Google Maps finds its way back to iPhone

Our long international nightmare is over.

Three months after Apple launched a new operating system that stripped the popular Google Maps app from the iPhone in favor of one of its own—a move it has since apologized for—Apple formally approved the search giant's app. Frustrated Apple Maps users can now download Google Maps from the App Store.

"People around the world have been asking for Google Maps on the iPhone," Daniel Graf, the director of Google Maps for Mobile, wrote on the company's blog on Wednesday while announcing the rollout.

That's not hyperbole. Complaints about Apple's unreliable maps app mounted almost immediately after the Cupertino, Calif.-based company launched the iPhone 5 and the iOS in September. A week later, the company's chief executive, Tim Cook, issued a public apology and fired the developer responsible for the maps blunder.

"At Apple, we strive to make world-class products that deliver the best experience possible to our customers," Cook wrote. "With the launch of our new Maps last week, we fell short on this commitment. We are extremely sorry for the frustration this has caused our customers and we are doing everything we can to make Maps better." Cook reminded users that they could create a shortcut to Google Maps through the iPhone's mobile Web browser, but this did little to allay concerns.

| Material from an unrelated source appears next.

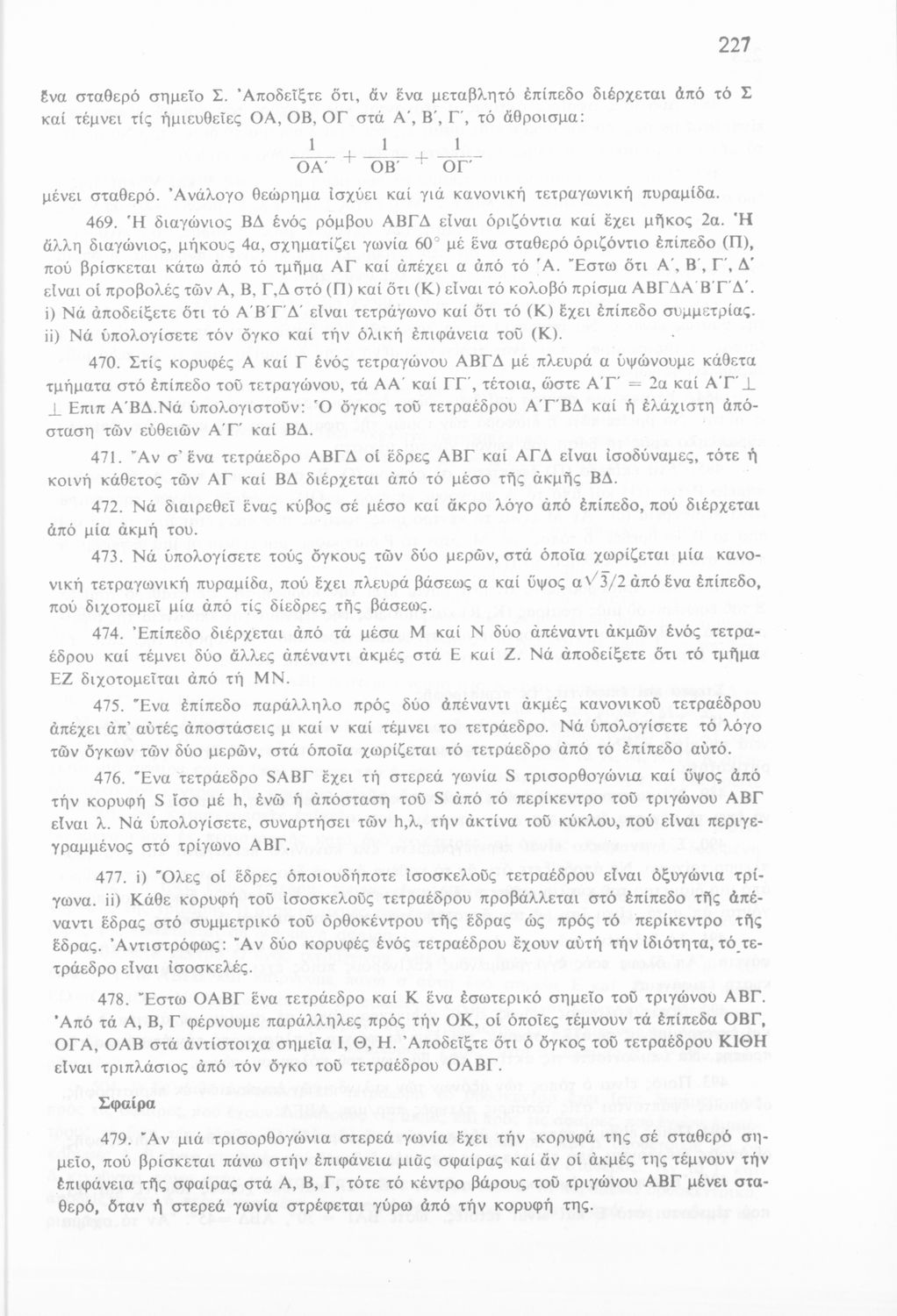 Σχολικό εγχειρίδιο Γεωμετρίας για τις Δ΄, Ε΄ και ΣΤ΄ Γυμνασίου που περιλαμβάνει αξιώματα, θεωρήματα και κατασκευές και είναι χωρισμένο σε γεωμετρία επιπέδου και γεωμετρία χώρου.

Earlier this week, police in Australia urged motorists not to rely on Apple's maps app after several people using its directions became stranded in a national park in scorching heat. One man was stranded for 24 hours, police said.

According to Graf, the updated Google Maps app includes "a sharper-looking, vector-based map that loads quickly and provides smooth tilting and rotating of 2D and 3D views."

Since its official launch late Wednesday, Google Maps is already ranked at the top of the App Store's free apps list.